In Japan, the main problem is the lack of connectivity between the regions and the lack of competition. In China, the cost-plus pricing approach used to create problems for the expansion of domestic gas production and undermined international activities of the Chinese companies because of the gap between lower domestic prices and higher LNG prices, while the role of natural gas in the energy sector overall remained insufficient to help China reach its emission reduction targets. The Republic of Korea tries to reform the natural gas sector led by state corporation. Below we will have a look at the details of these developments and examine whether these changes bear the potential to transform the structure of the regional gas market.
Natural gas market reform in Japan
Japan is one of the largest importers of natural gas and for decades held the spot of the largest buyer of LNG in the global market, with nearly 100% import dependency. Infrastructure and the natural gas transportation system in Japan traditionally belonged to vertically integrated private energy companies. Regional monopolies were allowed to prevent multiple investments. As a result, natural gas transportation systems of different prefectures are not well connected to each other. The problem exists in various sectors, including in natural gas and electricity. This created some serious problems after the disaster at the Fukushima nuclear power plant (NPP) in 2011, after which the nuclear sector of the country was put on hold to undergo safety checks. Regions facing electricity shortages could not receive adequate amounts of neither natural gas nor electricity from adjacent provinces. The imports of fossil fuels, including LNG, increased substantially, while this coincided with a period of historically high prices for oil and LNG. As a result, energy market reforms were accelerated. Energy market reforms in Japan aim to overcome the disconnectedness of the networks as well as to promote new business models for energy companies.
Directions for the natural gas sector development were summarized in the Gas Business Act (see Table 1) and include:
• Ensuring security of supplies;
• Decoupling gas prices from the oil price and ensuring the lowest possible rates;
• Expanding the areas serviced by gas companies through greater diversity of retail choices for gas companies and pricing plans for gas consumers;
• Diversifying the uses for natural gas.
Before this liberalization of the natural gas retail market, it was divided into two sectors: the liberalized sector and regulated sector. Consumers had the right to choose suppliers if their consumption exceeded 100 000 cubic meters per year. If annual consumption was less than 100 000 cubic meters per year, the regulated tariff was applied (see Table 2).
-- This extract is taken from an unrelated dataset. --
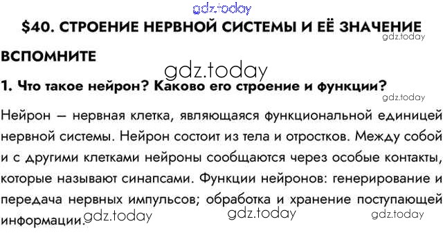На страницах сайта gdz.today вы найдете учебный и вспомогательный материал, направленный на улучшения знаний школьной программы. ГДЗ - онлайн мир знаний Вспомните Решение к §40 1 Учебнику по Биологии для 8 класса Пасечник, Каменский Просвещение Линия жизни 2016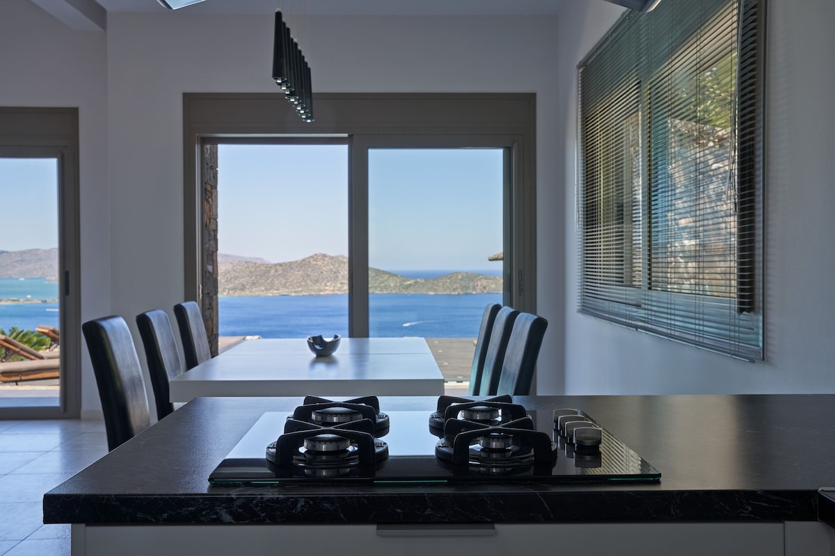 海で平和な休暇をお楽しみください! ベッドから眺めることができる、朝のユニークな日の出で目を覚ましましょう。 屋外ジャグジー、共有プール、ベランダでリラックスしながら、波の音と鳥のさえずりをお楽しみください。 どこからでも素晴らしい景色が楽しめます。目の前にはクレタ海の広大な青さ、周りには印象的なクレタ島の自然。 2つのリビングルームから寝室、ダイニングルーム、キッチン、バスルーム、屋外シャワーまで、どこからでも素晴らしい景色が楽しめます。

With the implementation of the Gas Business Act, the regulated sector now became fully competitive.
The reforms in the natural gas sector are part of an overall energy sector liberalization effort. The developments across natural gas, electricity, heat sectors and in the field of regulatory oversight are all part of a wider energy retail market reform Roadmap (see Table 3).
In our view, these significant changes in the energy sector in Japan may have serious regional implications. One particular reason is that liberalization of the gas market also concerns the LNG sector. Besides access to the pipeline infrastructure, the government plans to facilitate access to LNG import terminals and other LNG infrastructure as well. Companies only need to officially notify the regulator at the beginning of their activities and receive permission. Apart from existing gas utility companies, New business entities (mainly electricity generating companies) have been registered as gas retailers and have started launching their gas retail business. In 2022, the pipeline sectors are to be legally unbundled from their manufacturing or retail gas business sectors.
What this means for the regional and global LNG market is that more Japanese companies will refer to the spot market in order to meet their obligations in the domestic market as they gain access to both infrastructure and customers. This explains the overall interest of Japanese companies towards more flexible conditions for natural gas procurement (including less rigid terms of long-term contracts as well as a fully functioning regional gas trading hub for spot deals and hedging operations). But this reform does not yet provide sufficient basis for creating such natural gas trading hub in Japan.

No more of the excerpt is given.